Region-based methods cluster pixels with comparable attributes which are capable of generating tight borders, however, they are imprecise. Feng et al. [6, 7] proposed a two-stage technique that involved first generating superpixels using a modified simple linear iterative clustering (SLIC) algorithm and then combining them using a designed area merging. Utilizing a series of cross-polarized pictures, Lumbreras et al. [8] over-segmented images and combined over-segmented blocks based on the grain’s preferred direction. Zhou [5] first defines a set of edge operators with varying mask sizes before employing a colored edge detection algorithm to extract colored edges with a large neighborhood to reduce noise. The image is then segmented using a seed region growth algorithm based on color edge information and the distance between the edge and non-edge pixels. Finally, an elimination mechanism is developed to merge the two regions’ shared boundaries.

Fig. 1
figure 1

ECPN overall architecture is made up of two parts: MAEC and MEPN. Note that numbers 0–6 in the modified EfficientNetV2 of the MEPN block denote the stage 0–6 of the original EfficientNetV2 network structure

The quality of features typically limits segmentation maps, whereas learning-based approaches detect edges by employing data-supervised algorithms and manually designed features. Fueten et al. [9] modified the output of a standard segmentation procedure. The artificial neural network was used to categorize pixels with varying patterns and color attributes as edge or non-edge. Izadiet al. [10] generated max images from plane light and cross-polarized light images. Then twelve color features extracted from the max images were clustered incrementally to segment the minerals. Rajdeep et al. [11] applied a psychophysics model to obtain the binary segmented output and utilized a k-means clustering algorithm with the selected threshold to generate the final segmentation map.

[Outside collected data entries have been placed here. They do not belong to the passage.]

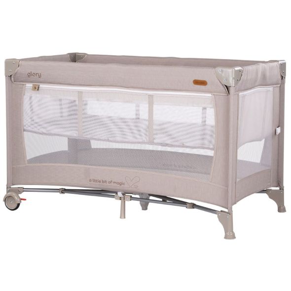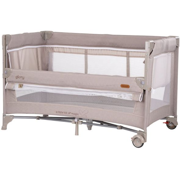 Кошарата Chipolino Glory е създадена за удобно странично спане до родителското легло, без да споделяте едно легло. Сгъва се с една ръка и е отлична за пътуване.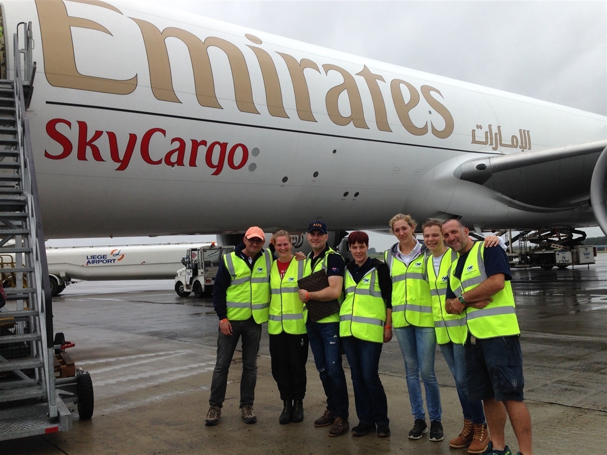 Da vi ankom på stævnepladsen stod de andre hestepassere og Jonas (landsholdsdyrlæge) klar til at tjekke hestene, alle hestene har taget flyveturen godt og virker friske og glade.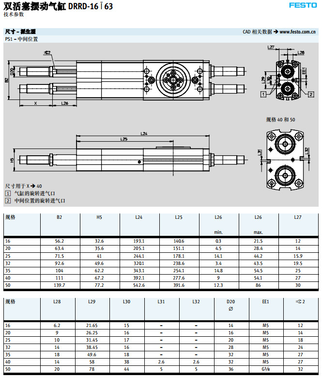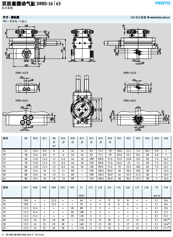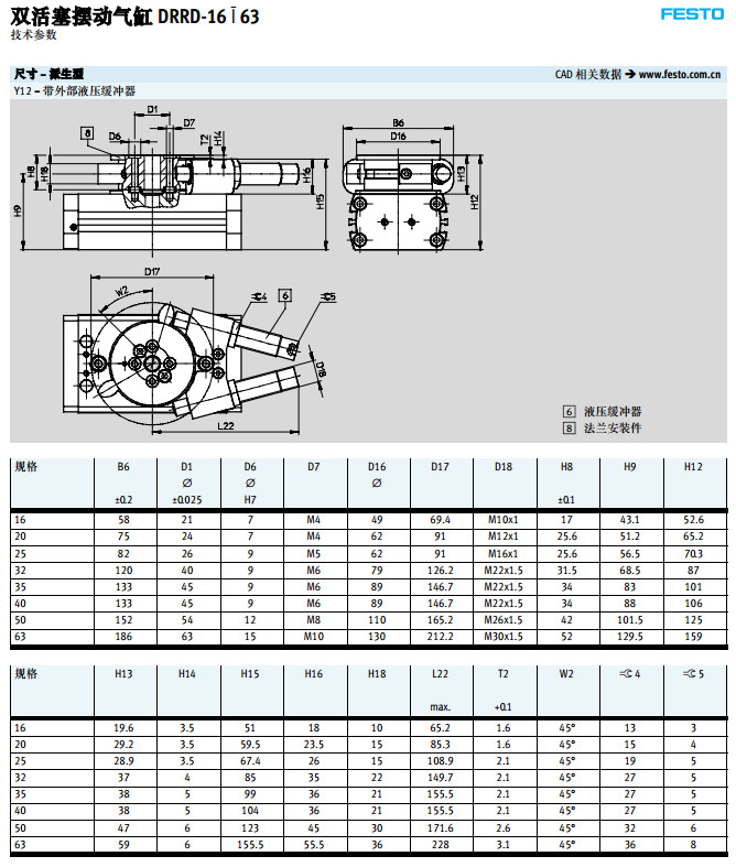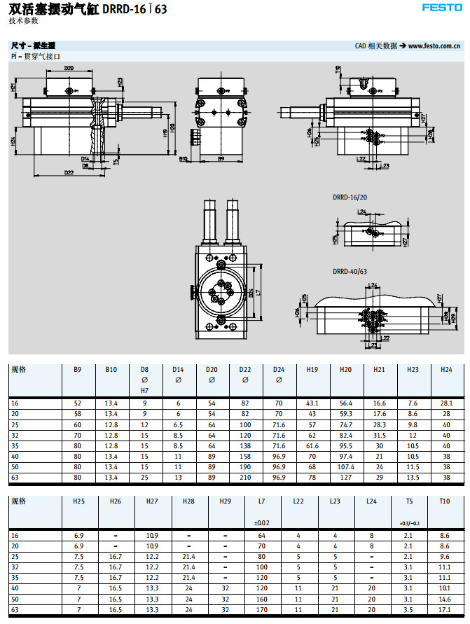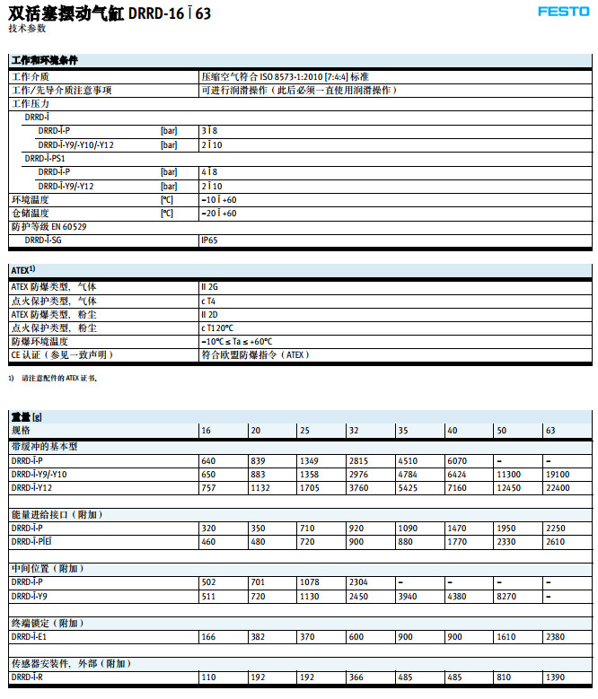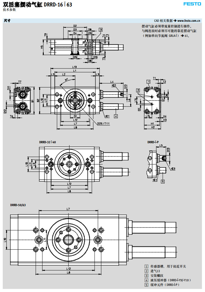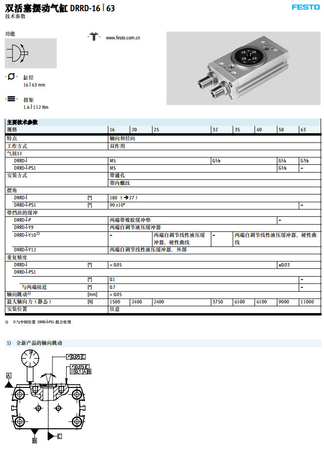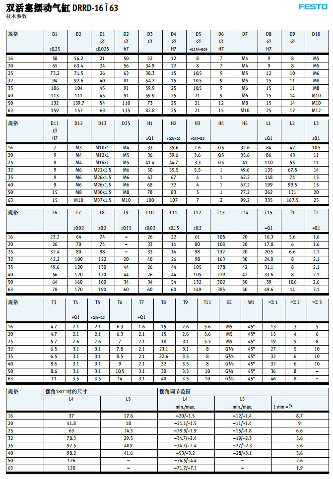 DRRD-16,DRRD-20,DRRD-25,DRRD-32,DRRD-40,DRRD-50,DRRD-63,festo擺動氣缸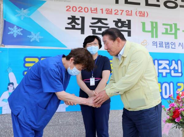 코로나19 대응 의료진 감사 캠페인의 하나로 추진된 이날 방문에서 조 군수는 박문수 병원장을 비롯한 병원 관계자에게 과일과 카네이션 꽃바구니 등 격려품을 전달하고 직원들의 노고를 격려했다.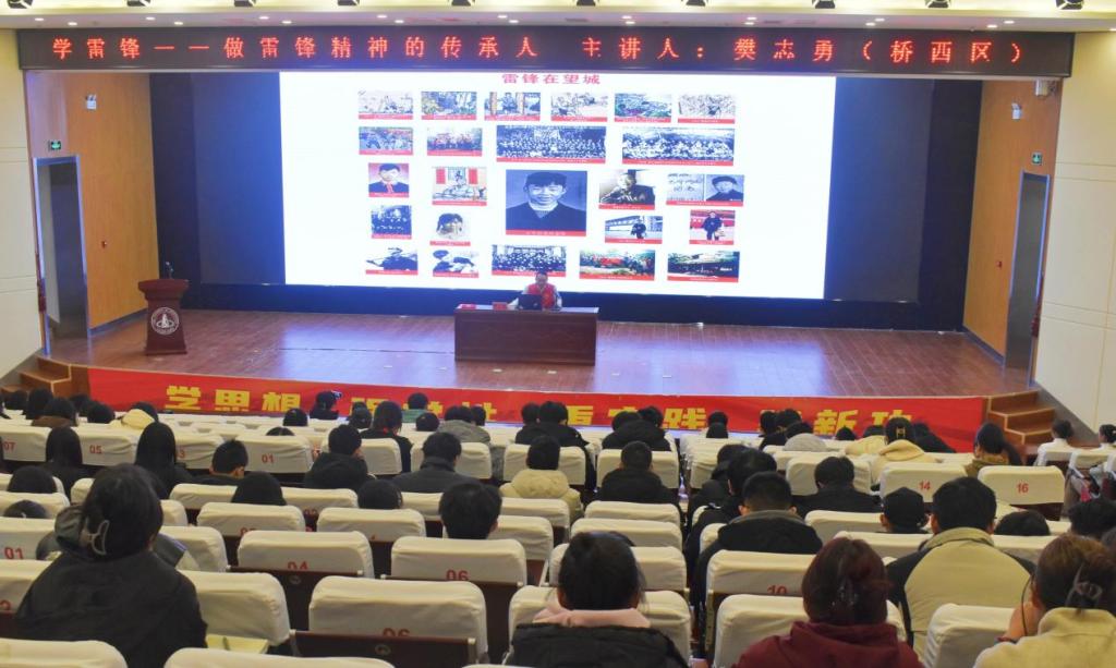 為進(jìn)一步弘揚(yáng)和傳承新時(shí)代雷鋒精神,鼓勵(lì)和引導(dǎo)青年學(xué)生積極踐行學(xué)雷鋒志愿服務(wù)活動(dòng),唱響新時(shí)代雷鋒之歌,3月6日下午,校團(tuán)委特邀請(qǐng)張家口雷鋒精神志愿者服務(wù)隊(duì)黨支部書(shū)記樊志勇為青年學(xué)生作題為《學(xué)雷鋒—做雷鋒精神的傳承人》的主題講座。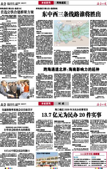 海南日报 本省新闻 跨海通道 002 2009-02-141 2009年02月14日 星期六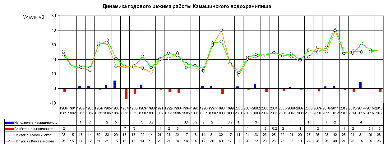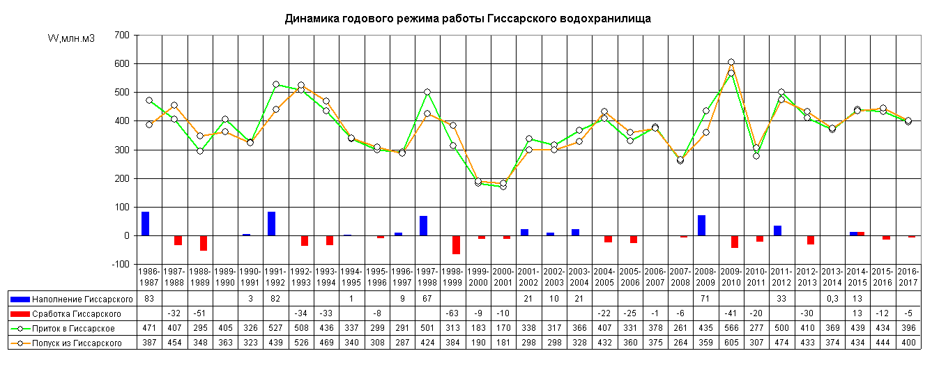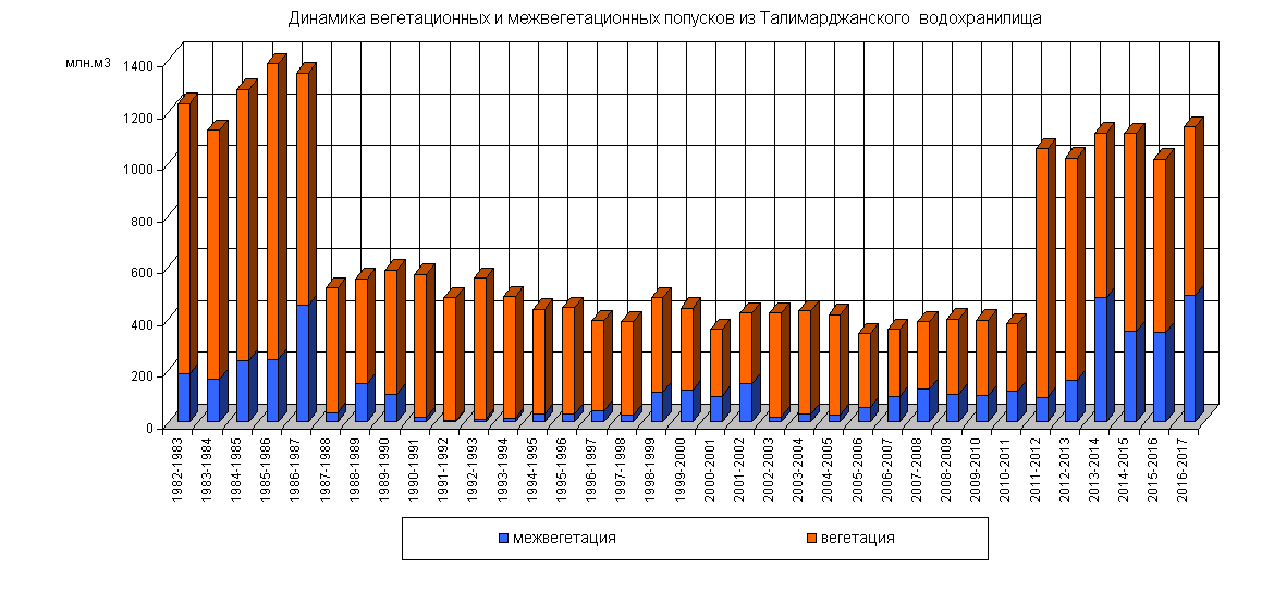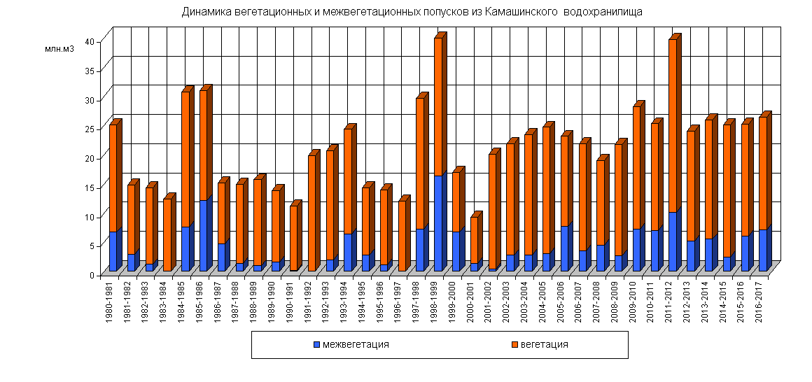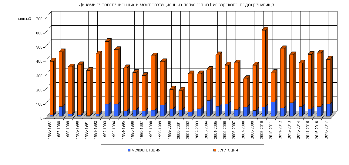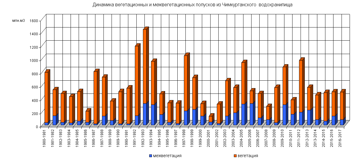Динамика вегетационных и межвегетационных попусков из водохранилища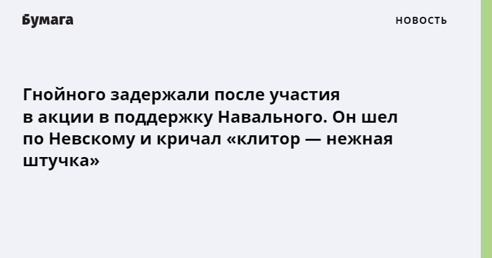 Вячеслава Машнова (известного как Гнойный и Слава КПСС) задержали в Петербурге после участия в стихийной акции в поддержку Навального, которая прошла 2 февраля. Рэпер шел по Невскому и кричал «Клитор — нежная штучка». «Бумага» публиковала видео.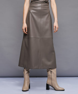• This midi faux leather skirt is a timeless and sophisticated piece designed to elevate elegant looks with a modern edge. Crafted from stable faux leather fabric, it features a smooth and structured finish that flatters the silhouette while maintaining comfort and durability. The skirt sits beautifully at a midi length, offering a sleek and graceful line that transitions effortlessly from day to evening wear. It is fully lined on the inside for a smooth fit and added comfort, while the discreet back zip closure ensures a clean and polished appearance. Made from 100% polyester both inside and out, this piece combines functionality with refined style. Pair it with a tailored blouse or a fitted top and boots for a chic, contemporary ensemble that exudes confidence and poise.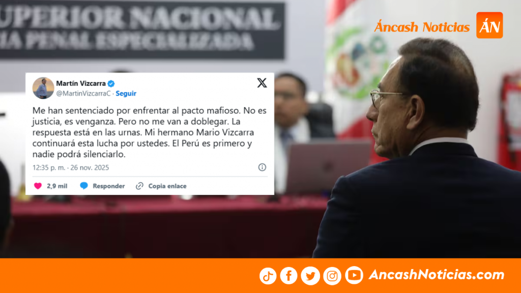 Luego de que el Cuarto Juzgado Penal Colegiado Nacional dictara 14 años de prisión en su contra, Martín Vizcarra utilizó su cuenta de X para expresar su postura frente al fallo. El exmandatario afirmó que la sentencia responde —según su perspectiva— a una “venganza” y a un “pacto mafioso”.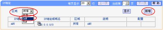 选择“区域”-“LAN”,然后点击右面的“新增”按钮,如下图:

Recent advances in CNN backbone architecture, such as VGGNet [12], GoogLeNet [13], and ResNet [14], have resulted in remarkable gains for computer vision tasks. Numerous works, including MobileNet [15, 16], Xception [17], Densenet [18], and EfficientNet [19], have made major strides in attaining more accuracy through effective model architectures with lower complexity and better performance, rather than larger and more complicated networks.

Discussing more detail of the most relevant CNN approaches to our work, HED [20] is the first CNN-based edge detection network that provides state-of-the-art performance as a deep supervision extension of FCN [21]. Following that, other efforts [22,23,24,25,26,27,28,29] continued to set records using boosted encoders and altered backbones. RCF [22] enhanced HED’s skip-layer structure and tested it using image pyramids; BDCN [23] proposed an algorithm for monitoring each layer independently at a given scale and making use of dilated convolution to generate multi-scale features; Instead of employing a model that was already trained, Dexined [24] modified the backbone and train it from scratch; as a result, they achieved results that were both competitive and satisfactory. A straightforward, light, and effective edge detection architecture is presented by PiDiNet [29]. This design is built on its proposed pixel difference convolutions, which integrate conventional edge detection filters into normal convolutional operations.

CNN-based methods [30,31,32,33] on semantic segmentation of petrographic images are also noteworthy. Noting that semantic segmentation partitions images into the background and several mineral types, whereas edge detection separates images into two categories: the edge or background.

Rubo et al. [30] utilized discrete convolutional filters, neural networks, and random forest classifiers respectively to generate the semantic segmentation maps of petrographic images. Results were evaluated by the 10-fold cross-validation testing and chemical microscopy results. Tang et al. [31] employed a three-layer neural network, which received plane and cross-polarized light images. The generated segmentation maps are composed of several different rocks. Saxena et al. [32] studied the potential of using a convolutional neural network to predict the pore in rock images (two classes) as well as a 10-class semantic segmentation map. Das et al. [33] created the Deep Semantic Grain Segmentation network (DSGSN) to semantically segment XPL and PPL pictures of sandstone into two classes (i.e., grain and background).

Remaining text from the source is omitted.